Workspace Layouts#
Project directory layouts can vary quite a lot. From the ”template” projects where the Clojure project files are at the root, to, well, let's just say that the project files are not always at the root. And sometimes there is more than one project (read here how to get clojure-lsp support with a Leiningen project in a subfolder).
How Calva Finds the Project Root#
When you Jack-in or Connect, Calva searches the workspace for directories containing one of these project files:
deps.ednproject.cljshadow-cljs.ednbb.ednbasilisp.edn
If only one project root is found, Calva uses it automatically. If multiple are found, you'll be prompted to pick one. Workspace root folders are always included as candidates even if they don't contain a project file.
The project file does not need to be at the workspace root. For example, if your workspace looks like this:
my-workspace/
backend/
deps.edn
src/
app.clj
Calva will detect backend/ as a project root and Jack-in will work from any file inside it.
Note
You can control which directories are excluded from the search with the calva.projectRootsSearchExclude setting.
Working with Projects#
Calva only really supports working with one project at a time per VS Code window. Here's a short guide for some different setups:
- You have one project in the workspace, the project files are in there somewhere.

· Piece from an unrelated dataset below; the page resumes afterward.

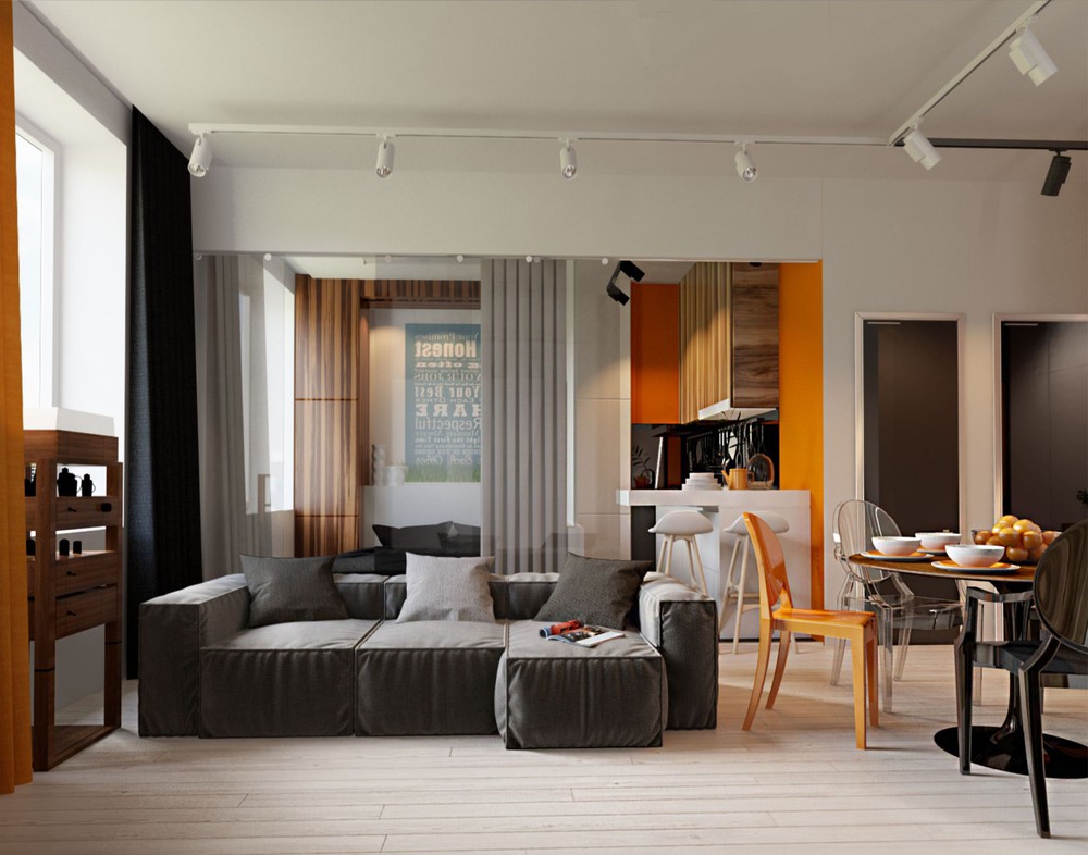 Пространство получилось насыщенным, динамичным и многофункциональным.

- Use a regular VS Code ”folder window” or a Workspace proper, both will totally work.
- You have more than one project in the repository, but only really work with one at a tine.

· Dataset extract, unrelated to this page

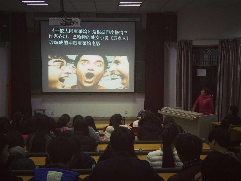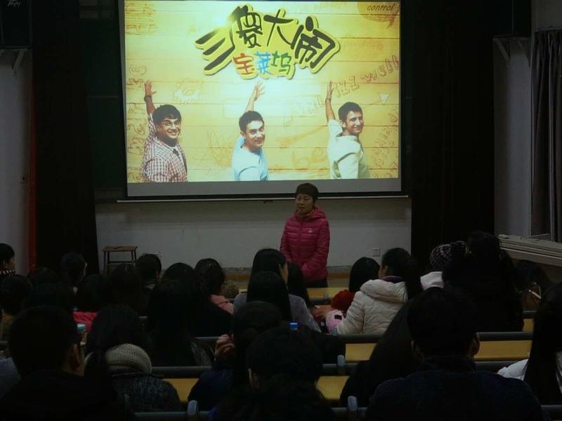 为提高同学们的综合素质和能力,并丰富其业余文化生活,基础部语文组举办了“经典影片赏析之《三傻大闹宝莱坞》”活动。此活动于11月17、18日晚在大屏教室进行,我校13、14级学生全部参加。

- Use a Workspace proper and add the different project directories as separate Workspace Folders.
- You can only jack-in/connect to one project at a time.
- You have more than one project in the repository, and need to work with them in parallell.

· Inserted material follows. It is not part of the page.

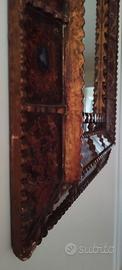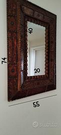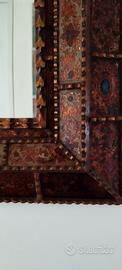 Splendido specchio davvero unico e realizzato a mano in Perùcon la tecnica del vetro retroverniciato. Misure: -Cornice esterna: 74 x 55 -Specchio centrale: 20x40 Pronto per essere appeso sia in orizzontale che in verticale

- Open each project you want to work with in a separate VS Code window.
One Folder - Two Windows?#
As is mentioned in the Calva Jack-In Guide, if you have a full stack project using a Clojure backend and a shadow-cljs frontend, you will need to open the same project in two separate VS Code windows, one for the backend and one for the frontend. This is how you can do that:
- Open a new VS Code window.
- Select File->Add Folder to Workspace.... Save the workspace as, say,
Server.code-workspace. - Open a new VS Code window.
- Select File->Add Folder to Workspace.... Save the workspace as, say,
Client.code-workspace.
Now, whenever you want to Jack-in to the backend and/or frontend, do it from the Server and/or Client workspace, respectively.